# KSJ MCP Server
**Knowledge Synthesis Journal v2.0 — AI companion**
Turn your handwritten journal photos into a searchable, AI-powered knowledge base — privately, on your own machine.
> "Works great on paper. Magical with AI."
---
## What it does
The KSJ MCP server connects your physical journal to an AI assistant via the **Model Context Protocol (MCP)** — an open standard for linking AI models to local tools and data.
Photograph a journal page, upload it, and your AI assistant can:
- Search across everything you've ever written
- Find connections between ideas (shared tags, `@` references)
- Surface your open questions, key insights, and breakthroughs
- Export your knowledge base as Markdown or JSON
**All processing is local.** No cloud. No subscription. Your notes stay on your machine.
---
## AI Platform Support
This server uses **MCP (Model Context Protocol)**, an open standard with growing support across AI platforms and developer tools.
**Currently supported:**
- **Claude Desktop** (free) — full MCP support, recommended for getting started
**Other MCP-compatible clients** (Cursor, VS Code + GitHub Copilot, and others) can connect using the same config — check your client's MCP documentation for setup details.
**Using ChatGPT, Gemini, or another platform?**
Use the `export_captures` tool to dump your knowledge base as Markdown or JSON, then paste it into your AI assistant of choice. Full native MCP support for additional platforms is on the roadmap as the ecosystem grows.
---
## Setup (4 steps)
### Step 1 — Install an MCP-compatible AI client
The fastest way to get started is **Claude Desktop** (free at claude.ai/download).
For other MCP clients, consult their documentation for how to register a local MCP server, then use the config in Step 4.
### Step 2 — Install Tesseract OCR
Tesseract reads the text from your journal photos. It must be installed separately.
| Platform | Command |
|----------|---------|
| **Windows** | Download the installer from [UB-Mannheim/tesseract](https://github.com/UB-Mannheim/tesseract/wiki) — check "Add to PATH" during install |
| **macOS** | `brew install tesseract` |
| **Linux** | `sudo apt install tesseract-ocr` |
After installing, restart your terminal and AI client so the updated PATH is picked up.
### Step 3 — Install uv
`uvx` (used in Step 4) is part of **uv**, a fast Python package manager. Install it once:
| Platform | Command |
|----------|---------|
| **Windows** | `winget install astral-sh.uv` or [download from astral.sh/uv](https://astral.sh/uv) |
| **macOS/Linux** | `curl -LsSf https://astral.sh/uv/install.sh \| sh` |
Verify with `uv --version` in a terminal before continuing.
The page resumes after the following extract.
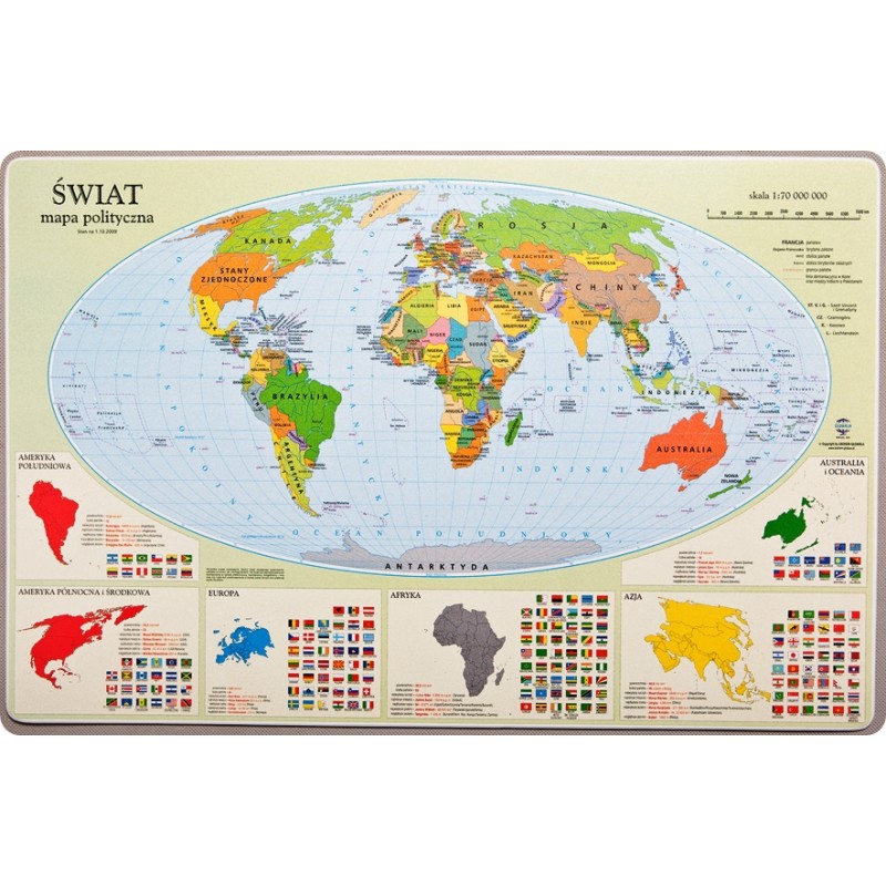 Nadruk z aktualnym podziałem politycznym Świata, na mapie znajdują się wydzielone kontynenty z przynależnymi państwami, flagi i stolice państw, powierzchnia w km², oraz najważniejsze informacje dotyczące danego kontynentu. Podkładka jest zabezpieczona wysokiej jakości folią z podkładem antypoślizgowym, odporna na ścieranie, kurz, wodę, wilgoć.

### Step 4 — Register the server
**Claude Desktop config file location:**
| Platform | Path |
|----------|------|
| **Windows** | `%APPDATA%\Claude\claude_desktop_config.json` |
| **macOS/Linux** | `~/.config/claude/claude_desktop_config.json` |
Add the following block (copy exactly — no path to set):
```json
{
"mcpServers": {
"ksj": {
"command": "uvx",
"args": [
"--from",
"git+https://github.com/ChavezAILabs/ksj-mcp",
"ksj-mcp"
]
}
}
}
```
`uvx` downloads and runs the server automatically — nothing else to install.
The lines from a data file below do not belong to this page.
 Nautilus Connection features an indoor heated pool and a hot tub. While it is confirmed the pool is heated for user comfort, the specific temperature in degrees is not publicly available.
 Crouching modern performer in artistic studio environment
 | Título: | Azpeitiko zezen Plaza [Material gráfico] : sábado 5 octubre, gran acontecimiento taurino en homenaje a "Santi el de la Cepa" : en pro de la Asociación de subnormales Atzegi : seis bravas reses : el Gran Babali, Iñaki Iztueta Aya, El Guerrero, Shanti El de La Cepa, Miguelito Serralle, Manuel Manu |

Save and restart your AI client. You should see **ksj** listed in the tools/integrations panel.
---
## Usage
Once connected, talk to your AI assistant naturally.
**Uploading:**
> "Upload my journal photo from /Users/me/Desktop/RC-001.jpg"
> "Process all the photos in my /Desktop/journal-scans folder"
**Searching & browsing:**
> "Search my notes for ideas about spaced repetition"
> "Show me everything tagged #machine-learning"
> "What are my open questions about calculus?"
> "Show me everything connected to RC-015"
**Synthesis & review:**
> "Which topics am I ready to synthesize into a SYN page?"
> "Show me my breakthrough timeline"
> "How is my understanding of #linear-algebra progressing?"
**Dream Capture:**
> "What symbols and themes keep appearing in my dreams?"
> "Show me all my dream entries from this month"
**Export & health:**
> "Export all captures tagged #ai as Markdown"
> "Generate a study deck from my open questions"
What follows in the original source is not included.